_Source data_:
☆ ☆ ☆ ☆

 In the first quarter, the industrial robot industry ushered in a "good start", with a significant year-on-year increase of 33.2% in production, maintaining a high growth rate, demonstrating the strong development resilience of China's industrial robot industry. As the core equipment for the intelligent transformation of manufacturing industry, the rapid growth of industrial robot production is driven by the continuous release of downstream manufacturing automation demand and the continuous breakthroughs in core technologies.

☆ ☆ ☆ ☆

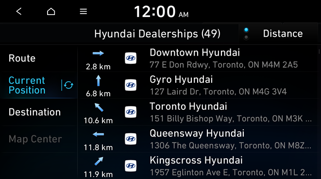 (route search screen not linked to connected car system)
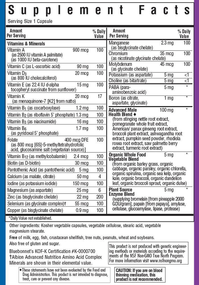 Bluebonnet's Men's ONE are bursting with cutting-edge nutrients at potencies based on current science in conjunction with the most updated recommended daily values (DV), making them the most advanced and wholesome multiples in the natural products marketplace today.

☆ ☆ ☆ ☆

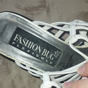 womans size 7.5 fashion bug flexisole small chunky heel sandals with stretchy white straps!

☆ ☆ ☆ ☆

Although the records hold pictures, the copy must not; give again exactly the lines from the one with "(route search screen" through the one with "Bluebonnet's Men's ONE".

 (route search screen not linked to connected car system)
 Bluebonnet's Men's ONE are bursting with cutting-edge nutrients at potencies based on current science in conjunction with the most updated recommended daily values (DV), making them the most advanced and wholesome multiples in the natural products marketplace today.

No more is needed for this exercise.